Enter AI. While automated tools can spot gibberish or missing citations, Meta’s AI model goes a step further: It can automatically scan hundreds of thousands of citations at once to see whether they back up the Wiki page’s facts. The model was built on a dataset comprised of 134 million public web pages.
“It calls attention to questionable citations, allowing human editors to evaluate the cases most likely to be flawed without having to sift through thousands of properly cited statements,” the company said in a blog post. “If a citation seems irrelevant, our model will suggest a more applicable source, even pointing to the specific passage that supports the claim.”
Given the model’s ultimate purpose, Meta has opted to go down the open source route, making it available via GitHub under an MIT license. Read the research paper here.
Models to ‘teach tech’
According to Meta, automated tools can be used to identify statements that lack citations – but it’s more difficult for AI to determine whether a source actually backs up a claim. But if successfully managed, it would aid the research community.
The citation model was trained using pages from statements, accompanied by websites that may or may not support the claims made in the entry.
By using full web pages over a handful of sentences, Meta claims its model has achieved “a leap in performance in terms of detecting the accuracy of citations.”
For example, the model was able to detect an inaccuracy in a reference to the Los Angeles Philharmonic CEO appointment in 2018. The AI was able to deduce that the cited press release was not relevant to the claim, and instead suggested another possible source, a blog post on the L.A. Philharmonic’s website.
“Once they are ready to be deployed, our models will bolster the quality of knowledge on Wikipedia, helping to preserve the accuracy of a resource that virtually everyone uses,” the researchers said.
Meta’s AI researchers plan to further refine the model – and make it able to suggest auto-complete text and offer proofreading corrections.
“Ideally, the models would understand multiple languages and be able to process several types of media, including video, images, and data tables,” the blog post concluded. “These capabilities are among Meta AI’s new targets as we help teach technology to understand our world.”
Other AI models from Meta
The citation model is the latest in a slew of AI models the company’s researchers have unveiled.
A week prior to its citation model reveal, Meta showcased NLLB-200 – which can translate over 200 different languages.

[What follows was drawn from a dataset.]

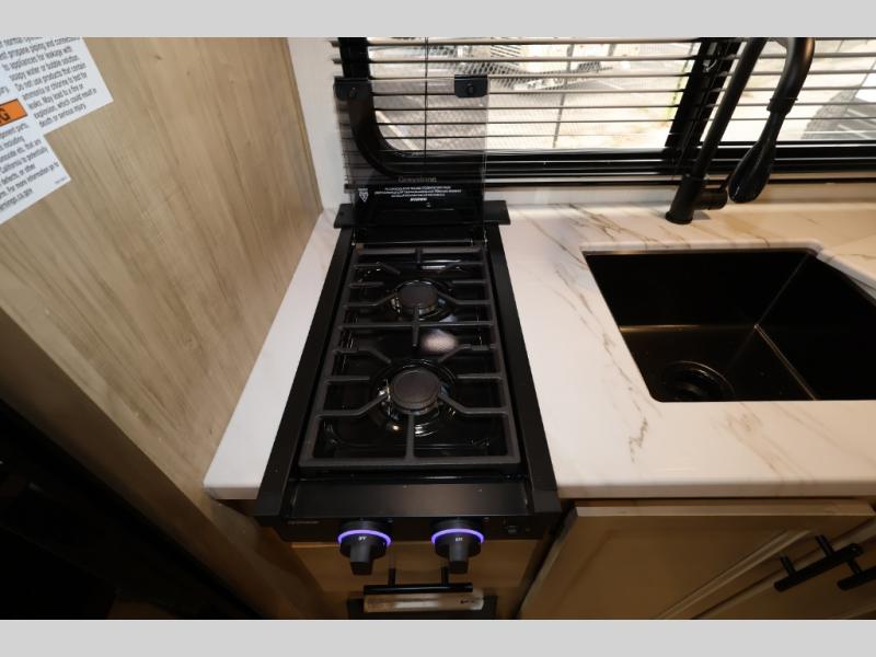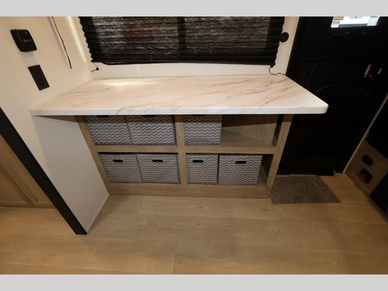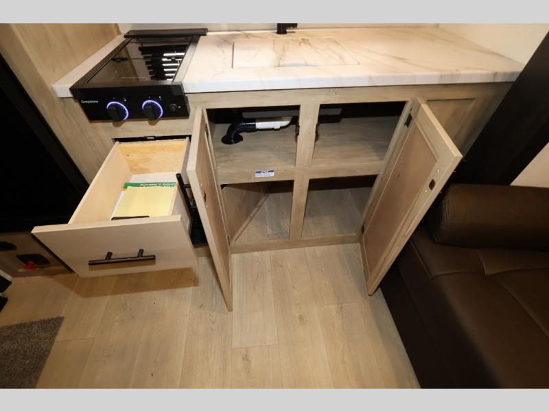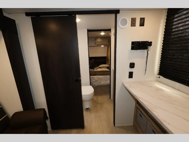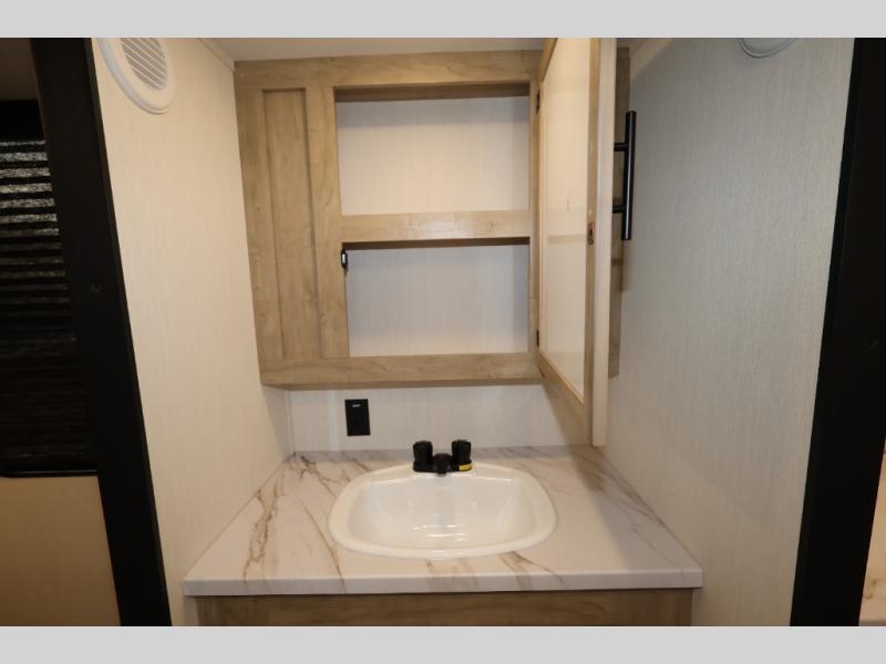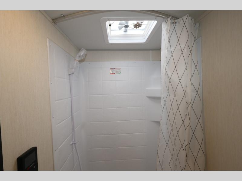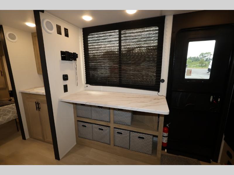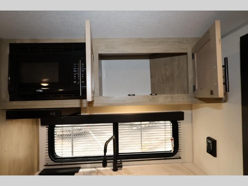 Convenient camping is found with this lightweight travel trailer! Once you arrive at your destination, put out the power awning, then make lunch on the exterior mini kitchen. Inside, you can dine at the bar top with stools, freshen up in the tub/shower, and sleep soundly on the queen bed in the master bedroom. There is also a sofa slide out to provide additional seating, sleeping, and interior space! And you're sure to find plenty of storage spaces both inside and outside, including a rear storage rack!

NLLB is designed to improve machine translation capabilities.
In early June, Meta exhibited LegonNN, a model designed to allow developers to reuse modules when building machine learning architectures.
June also saw its AI team release OPT-66B – an open source, 66 billion parameter version of its OPT language model. The differing-sized models let researchers study the effect of language model scaling, the company said.
And that same month, Meta, along with researchers from the University of Texas, published three open source AI models for the audio-visual understanding of human speech and sounds in videos. The models are designed to improve acoustics for augmented reality experiences.